The other night I was reading on my kindle and thinking that I was a child who didn’t like computers. My brother would spend hours on our first computer and, by the age of eight, he had a better understanding of how it functioned than my parents did. Growing up, being surrounded by friends who loved computers as a teenager, I thought I could avoid the constant usage of them until I got my first notebook, and then it was gone: I, too, surrendered and am always on my computer since college years and surrounded by gadgets all the time: smartphone, mp3 player and e-reader. Maybe some others that I don’t even realize. The technology came here to stay and it’s in our daily lives in an unavoidable way. I remember the day I saw in an English class an article in a magazine saying something about a screen being developed to match readers needs and to fake the sensation (to one's eyes) of book pages. I was startled but also thought: "it’s silly. I’ll stick to books. There’s no need for that." The fact is I love stories, not only in the traditional book format, so I was wrong: I love my kindle. It helps me a lot and I have a lot of fun with it.
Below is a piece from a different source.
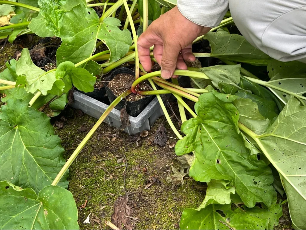 シェフやパティシエからも相談を受けるという晃さん。ジャムやお菓子に使う新鮮な「ルバーブ」を手に入れたいという要望に応えようと、何年もかけて試験栽培しています。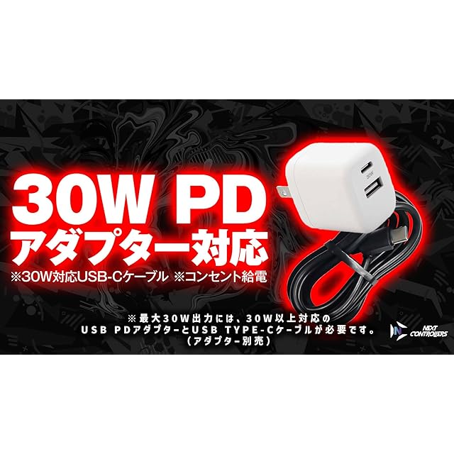本製品の最大出力(30W)でご使用いただくためには、30W以上に対応したUSB PD対応アダプター(電源アダプター)を別途ご用意ください。※アダプターは付属しておりません。※付属USBケーブルも30W

I also remember that one of the first school projects that I was actually really excited to do was about the US, in second grade. I had to research a lot about the country. Bill Clinton was the president. I was not sure if I liked the country, but it was fun to make a lot of tiny US flags to the class and teach my classmates about the most important country in the world (when I was in second grade, the US was the most important country in the world beyond a doubt. Probably still is).
When I was there, not liking technology and having my first contacts with the US politics, I was not concerned about feminism or race. It was probably in the last year of middle school that I realized my private school had a ridiculous amount of black people. Yet, I was not sure if there was anything wrong with that. If anyone told me that it was unlikely for a black person to be president of the most important country in the world, I wouldn’t understand why. I might even think that the person was being racist. Haha.
But in high school and college, I opened my eyes. I started seeing how messed up things were and still are. They are so messed up that I would think I was going crazy for seeing so much racism and misogyny all around. It couldn’t be! How it took me so long to see that? So I thought for a while that I was being extremist and that my favorite feminist blogger was exaggerating. Turns out I was wrong again: she was right, the world is a mess. I didn’t realize before high school because I am lucky as fuck. That’s why! Pardon my French, but that’s the only way of not realizing it.
It was really hard for a black man to be the president of the US. But I saw it happening and I was so happy and proud when it happened! I felt empowered even if in the Brazilian reality I am not black at all. But when Obama entered the White House, I thought: yes, we can!! It was very powerful and moving to me.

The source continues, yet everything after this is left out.